Records for the task:
####
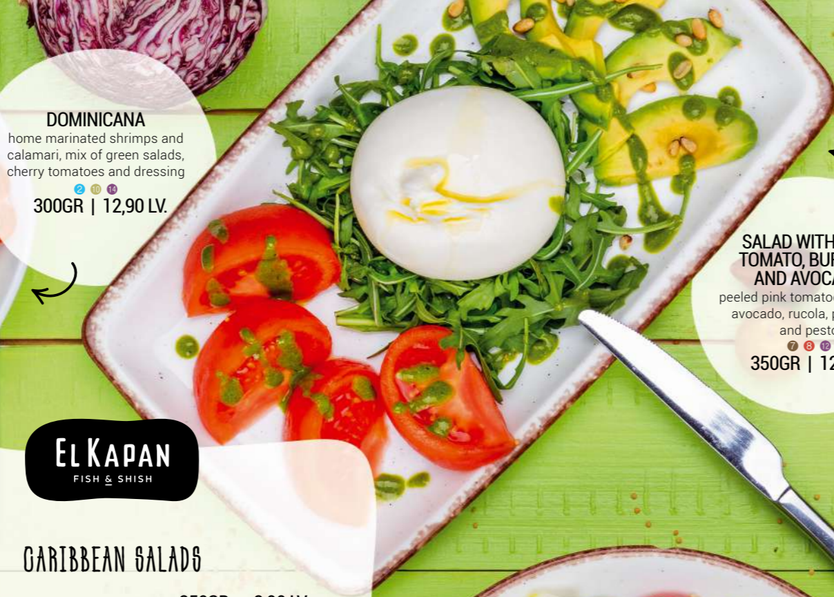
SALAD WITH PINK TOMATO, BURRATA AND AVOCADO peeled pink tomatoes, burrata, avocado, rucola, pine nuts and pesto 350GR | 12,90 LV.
####
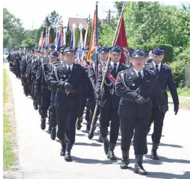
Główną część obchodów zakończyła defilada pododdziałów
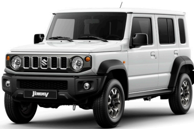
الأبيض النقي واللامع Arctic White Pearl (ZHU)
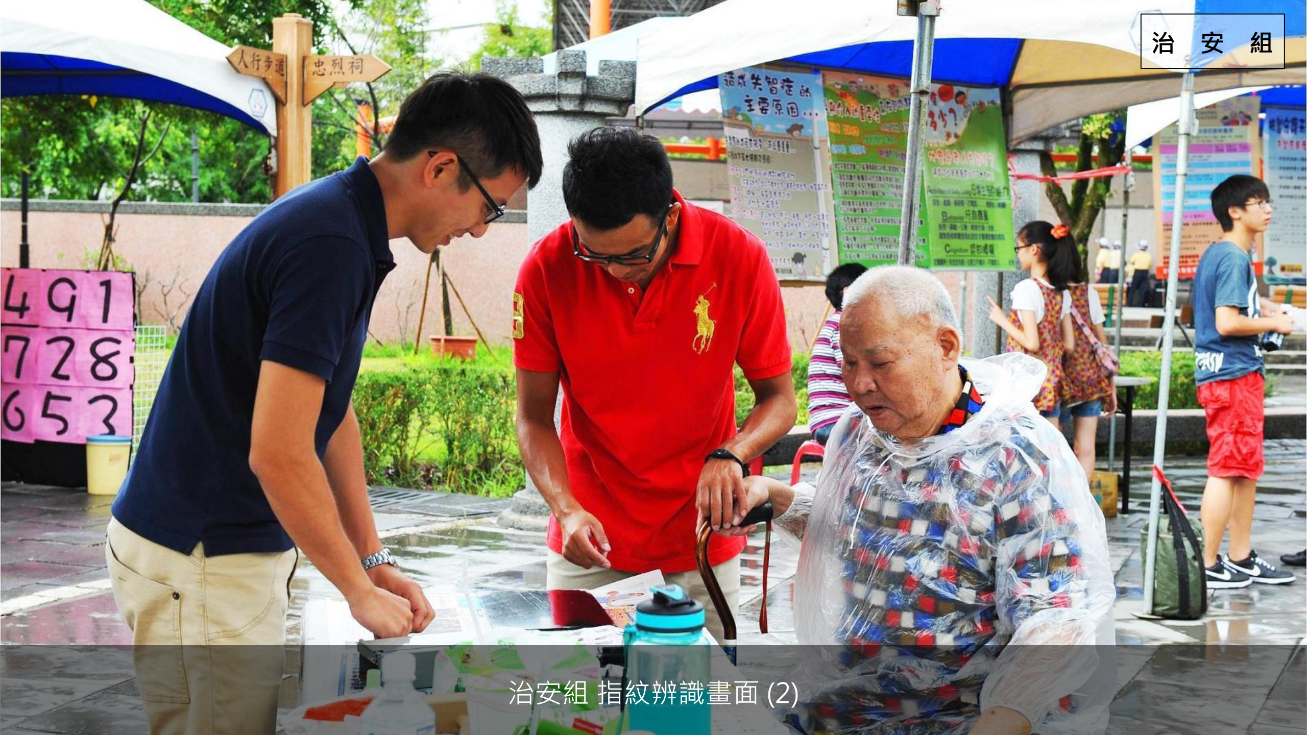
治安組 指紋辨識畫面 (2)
####
What is required: Everything from the line with "Główną część obchodów" through the line with "治安組 指紋辨識畫面 (2)" in the material above should be transcribed exactly, except the pictures.

Answer to this task:
Główną część obchodów zakończyła defilada pododdziałów
الأبيض النقي واللامع Arctic White Pearl (ZHU)
治安組 指紋辨識畫面 (2)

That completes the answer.